Oh good, guess I have been missing him at home.


----------



## gregg (Jan 18, 2015)

Just an FYI....I stopped by and visited with Lonnie yesterday, he has plenty of calls of all kinds to try out. I picked up 3 pots.....2 slate walnut with wood soundboards, 1 slate hackberry with wood soundboard and an assortment of strikers(he has 100's of strikers to try). I played these pots vs some Halloran pots I have and for me these are so much better, just more realistic, but I don't like the popular high-pitched screeching pots so take it fwiw.


----------



## rem 300 (Jan 18, 2015)

gregg said:


> Just an FYI....I stopped by and visited with Lonnie yesterday, he has plenty of calls of all kinds to try out. I picked up 3 pots.....2 slate walnut with wood soundboards, 1 slate hackberry with wood soundboard and an assortment of strikers(he has 100's of strikers to try).
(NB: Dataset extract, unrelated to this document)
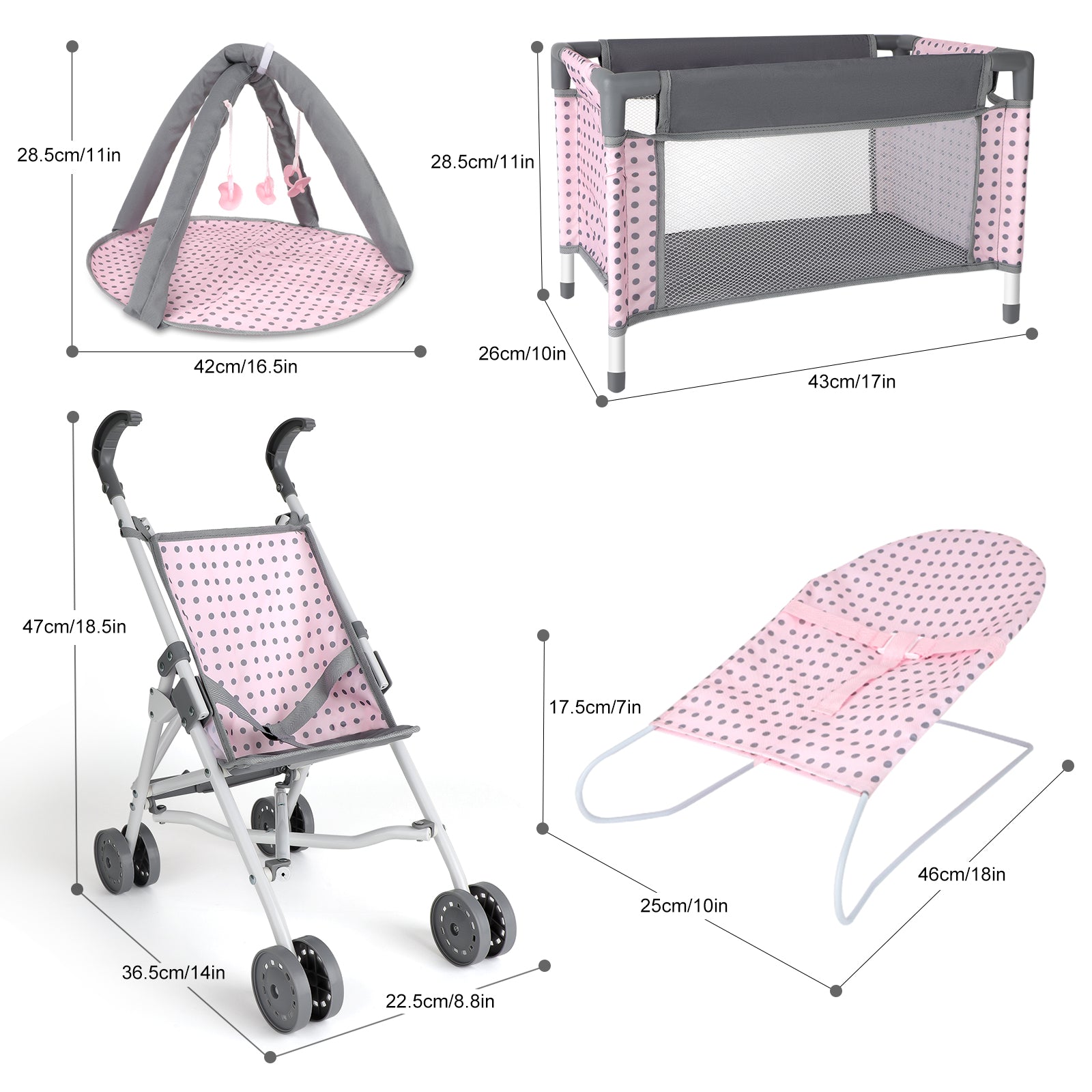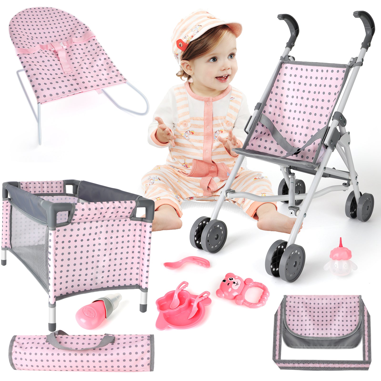 Pretend Play Deluxe Set: A 5-in-1 set designed for imaginative role-play, featuring a baby stroller, play mat, doll bed, bouncer, two travel bags, and a variety of feeding accessories. Perfectly sized for 12", 13", and 14" dolls (doll not included).
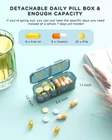 7 Day Am Pm Pill Organizer -Your Health Steward! Taking medication may seem like a simple daily task, but remembering to take different medications every day can be tricky and overwhelming. Relying on pill organizers is an effective way to manage your medication intake and make sure you’re right on schedule. So our am pm pill box provides you with such an easy and effective way to keep track and maintain your medication regimen! Why do we need to use the weekly pill container? - Keep your supplements and medications organized. - Save your time, you don’t need to open all of your pill bottles. - Help you remember to take pills every day. - Easy to carry it wherever you go. Warning: As with all medication storage devices, please keep the pill keeper away from children and pets 7-Day Pill Organizer 2 Times A Day Feature: ✔BPA-Free Material - This pill dispenser two times a day is made of eco-friendly food-grade material, safe for medical use. ✔Double protection - Double sealing protections keep the pill planner twice a day always dry and securely closed. ✔Store 7 Days' Am Pm Meds - Save your time by filling a week's pills ahead of time, rather than manually sorting them every day. ✔Large Capacity - The am pm pill case weekly with large compartments fit different sizes of pills, fish oils, vitamins, and so on. ✔Easy to carry - The internal pill holder is small enough to fit in your pocket or purse, perfect for on-the-go or travel carry-on! Specifications: Weight: 230 g/0.51 lb Item Dimensions: 9.1*4*1.2inch(Large) 3.2*1.2*1.1inch(Small) Material: BPA-free food grade plastic + Silicone Package Included:1 x Weekly pill organizer Note: The buckle of the am pm pill organizer opens from the top to down. Store 7 Days' Meds ( Twice A Day ) & Easy to Track: This luxury pill organizer 2 times a day sorts and fills a week's medications in advance at once, helping you from the daily repetitive action of manually organizing your pills and saving time. The clear colored week icons and am/pm letters on the small pill box lid remind you to take the right dose each day, easily tracking and maintaining your daily am/pm medication regimen. pill organizer - your smart medication assistant Detachable Daily Pill Container & Ideal Pill Organizer For Travel: This premium 7 day am pm pill box contains 7 separate detachable pill dispensers conveniently labeled for storing your daily (am/pm) medications. If you're going out of town for a few days or traveling, you can just take the specific days you need instead of a whole 7 days pill keeper, greatly reducing the burden of luggage. It is a great option for anyone who wants to stay organized and on track with daily medication schedule Double Protection & BPA-Free Materials: This 7 day am pm pill organizer features a secure clasp on both the outer case and inner holder, ensuring double protection for your medicine. Pets or children won't accidentally open it. The easy-to-use pill organizer button opens and closes tightly. Moisture-proof silicone rings keep pills dry and clean. Made from BPA-free material, this durable pill organizer is built to last. Note: the pill storage buckle opens from top to bottom Large Capacity & Elegant Aesthetics: This weekly pill box twice a day has enough space to fill and organize all your pills for an entire week, and each slot can hold up to 8 fish oils or 9 large vitamins for daily uses. What’s more, our medicine organizer has an elegant, luxurious, and gorgeous appearance, bringing you the ultimate visual aesthetics. This pill organizer would be suitable for any elderly relative or friend who takes medications or vitamins Am Pm Pill Organizer: Are you tired of using traditional pill organizers to manage your medication? Or are you worried about forgetting to take your pills when you're away from home? The 7 day pill organizer 2 times a day is designed for your convenience! You just fill it once a week and you'll have a reliable tool to help you stay track of your medication schedule, convenient and efficient

I played these pots vs some Halloran pots I have and for me these are so much better, just more realistic, but I don't like the popular high-pitched screeching pots so take it fwiw.



Hard to beat his pot calls sound and PRICE. The fellowship is worth the trip if nothing else but I promise you will not leave without a call or few lol


----------



## gregg (Jan 18, 2015)

> Hard to beat his pot calls sound and PRICE. The fellowship is worth the trip if nothing else but I promise if you not leave without a call of few lol


No kidding.....I've been to visit Lonnie many times, I just set aside 4 hours to play calls, talk turkey(mostly listen...lol) and take home a few new calls each time. I don't think there is a better value on box and pot calls. I was messing with mine today in the woods and dang, they are sweeeet sounding, all turkey. Lonnie was showing me how he builds these calls, the care that goes into them is beyond what most of us can even imagine. He is a good guy, if anyone gets a chance to stop by his shop, just chill, enjoy the stories, and expect to leave with some nice calls.


----------



## cbig1981 (Jan 18, 2015)

Good to hear, talking turkey with Mr Lonnie is hard to beat


----------



## Gaswamp (Jan 19, 2015)

anyone have a pic of his pots?


----------



## gregg (Jan 19, 2015)

http://i962.photobucket.com/albums/ae102/scoot122/DSCN1311_zps5711668c.jpg

Just follow this link, Not my calls, but a pic of Lonnie's calls.


----------



## WFL (Jan 19, 2015)

He doing them.  I talk with him last week.  He need a choke I end up with a VERY nice box call.  Very nice man to deal with.


----------



## jr123 (Jan 20, 2015)

Could someone PM me his number please?


----------



## Covehnter (Jan 20, 2015)

You have to visit to buy a call. He will not ship a call. He wants you to play it first. 

Just FYI.


----------



## sman (Jan 21, 2015)

Stopped by today. 3 hours after I said I needed to go, I came home with 5 new calls.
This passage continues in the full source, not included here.